● **What this task involves**
Among the entries below, please repeat exactly and only the lines from the line containing "Im Erdgeschoss gelangen" to the line containing "Manopoulos Skak-, Backgammon", both lines included.

======== Working data ========

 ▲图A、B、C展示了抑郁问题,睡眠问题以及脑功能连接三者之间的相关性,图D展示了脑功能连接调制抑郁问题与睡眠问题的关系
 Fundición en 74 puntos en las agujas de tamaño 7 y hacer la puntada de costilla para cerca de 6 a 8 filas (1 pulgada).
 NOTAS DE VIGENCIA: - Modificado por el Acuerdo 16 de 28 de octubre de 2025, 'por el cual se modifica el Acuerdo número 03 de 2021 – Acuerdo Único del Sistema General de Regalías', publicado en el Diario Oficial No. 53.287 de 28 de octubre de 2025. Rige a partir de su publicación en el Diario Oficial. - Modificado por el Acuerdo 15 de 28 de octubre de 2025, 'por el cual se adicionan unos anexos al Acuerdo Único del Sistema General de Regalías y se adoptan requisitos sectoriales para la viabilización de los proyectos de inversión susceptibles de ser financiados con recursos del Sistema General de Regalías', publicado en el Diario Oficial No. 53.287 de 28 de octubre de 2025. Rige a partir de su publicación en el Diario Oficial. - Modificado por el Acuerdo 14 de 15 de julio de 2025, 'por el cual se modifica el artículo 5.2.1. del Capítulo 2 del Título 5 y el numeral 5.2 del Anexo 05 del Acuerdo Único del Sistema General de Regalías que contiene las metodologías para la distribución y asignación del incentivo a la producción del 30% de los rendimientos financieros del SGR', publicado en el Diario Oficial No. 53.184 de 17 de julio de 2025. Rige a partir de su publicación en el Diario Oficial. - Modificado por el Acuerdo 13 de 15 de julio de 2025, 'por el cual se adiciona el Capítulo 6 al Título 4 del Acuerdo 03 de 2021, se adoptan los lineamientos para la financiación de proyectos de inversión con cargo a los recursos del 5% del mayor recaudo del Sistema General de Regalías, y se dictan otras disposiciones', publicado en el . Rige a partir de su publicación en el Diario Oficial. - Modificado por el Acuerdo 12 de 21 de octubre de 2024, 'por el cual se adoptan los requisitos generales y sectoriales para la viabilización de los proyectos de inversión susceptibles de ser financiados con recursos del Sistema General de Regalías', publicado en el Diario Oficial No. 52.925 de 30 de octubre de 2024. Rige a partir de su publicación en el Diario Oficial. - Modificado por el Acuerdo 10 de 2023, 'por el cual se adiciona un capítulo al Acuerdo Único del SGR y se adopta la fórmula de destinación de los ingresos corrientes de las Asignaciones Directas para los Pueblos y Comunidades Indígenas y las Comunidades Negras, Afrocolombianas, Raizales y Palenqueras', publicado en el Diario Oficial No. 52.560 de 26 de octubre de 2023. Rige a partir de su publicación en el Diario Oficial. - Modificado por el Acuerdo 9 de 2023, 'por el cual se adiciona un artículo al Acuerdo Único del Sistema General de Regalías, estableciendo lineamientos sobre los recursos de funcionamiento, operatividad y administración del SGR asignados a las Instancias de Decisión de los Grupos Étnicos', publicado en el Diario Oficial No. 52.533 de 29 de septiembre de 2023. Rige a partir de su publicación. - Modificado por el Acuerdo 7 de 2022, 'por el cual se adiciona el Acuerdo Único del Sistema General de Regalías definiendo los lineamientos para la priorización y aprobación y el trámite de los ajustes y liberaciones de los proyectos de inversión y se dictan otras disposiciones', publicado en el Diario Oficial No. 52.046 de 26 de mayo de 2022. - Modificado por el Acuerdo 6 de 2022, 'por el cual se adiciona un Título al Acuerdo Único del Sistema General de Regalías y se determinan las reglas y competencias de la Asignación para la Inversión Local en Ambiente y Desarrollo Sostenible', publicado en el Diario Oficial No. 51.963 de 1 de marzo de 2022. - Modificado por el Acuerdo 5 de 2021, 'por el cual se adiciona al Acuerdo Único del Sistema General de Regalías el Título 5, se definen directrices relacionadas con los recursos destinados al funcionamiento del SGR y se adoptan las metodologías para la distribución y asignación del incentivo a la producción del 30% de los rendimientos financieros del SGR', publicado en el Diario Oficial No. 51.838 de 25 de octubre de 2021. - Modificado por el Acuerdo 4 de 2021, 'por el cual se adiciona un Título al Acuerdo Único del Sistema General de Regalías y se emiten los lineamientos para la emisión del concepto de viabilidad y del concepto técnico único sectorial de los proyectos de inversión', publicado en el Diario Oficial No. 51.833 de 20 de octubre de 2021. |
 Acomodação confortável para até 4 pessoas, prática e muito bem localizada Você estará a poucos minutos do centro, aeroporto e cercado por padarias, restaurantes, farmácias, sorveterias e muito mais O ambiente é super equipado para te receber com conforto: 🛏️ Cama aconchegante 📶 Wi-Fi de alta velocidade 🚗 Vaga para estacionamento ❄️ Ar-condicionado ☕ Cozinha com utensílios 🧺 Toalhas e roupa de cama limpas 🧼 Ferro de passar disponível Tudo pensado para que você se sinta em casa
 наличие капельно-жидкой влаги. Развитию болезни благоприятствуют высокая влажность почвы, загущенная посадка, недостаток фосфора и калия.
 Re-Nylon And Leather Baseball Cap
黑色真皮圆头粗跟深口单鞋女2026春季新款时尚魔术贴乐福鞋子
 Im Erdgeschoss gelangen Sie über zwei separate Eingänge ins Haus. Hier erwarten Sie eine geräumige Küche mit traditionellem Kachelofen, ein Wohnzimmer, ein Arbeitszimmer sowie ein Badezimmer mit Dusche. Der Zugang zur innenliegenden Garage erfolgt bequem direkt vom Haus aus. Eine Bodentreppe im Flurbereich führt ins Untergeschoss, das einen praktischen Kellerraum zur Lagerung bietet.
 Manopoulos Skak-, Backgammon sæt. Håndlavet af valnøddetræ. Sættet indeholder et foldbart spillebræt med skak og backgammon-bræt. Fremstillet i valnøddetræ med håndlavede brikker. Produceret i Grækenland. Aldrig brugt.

========
======== Working data ========

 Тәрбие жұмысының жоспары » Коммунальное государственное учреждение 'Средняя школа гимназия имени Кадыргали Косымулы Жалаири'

========

● **Reply**
 Im Erdgeschoss gelangen Sie über zwei separate Eingänge ins Haus. Hier erwarten Sie eine geräumige Küche mit traditionellem Kachelofen, ein Wohnzimmer, ein Arbeitszimmer sowie ein Badezimmer mit Dusche. Der Zugang zur innenliegenden Garage erfolgt bequem direkt vom Haus aus. Eine Bodentreppe im Flurbereich führt ins Untergeschoss, das einen praktischen Kellerraum zur Lagerung bietet.
 Manopoulos Skak-, Backgammon sæt. Håndlavet af valnøddetræ. Sættet indeholder et foldbart spillebræt med skak og backgammon-bræt. Fremstillet i valnøddetræ med håndlavede brikker. Produceret i Grækenland. Aldrig brugt.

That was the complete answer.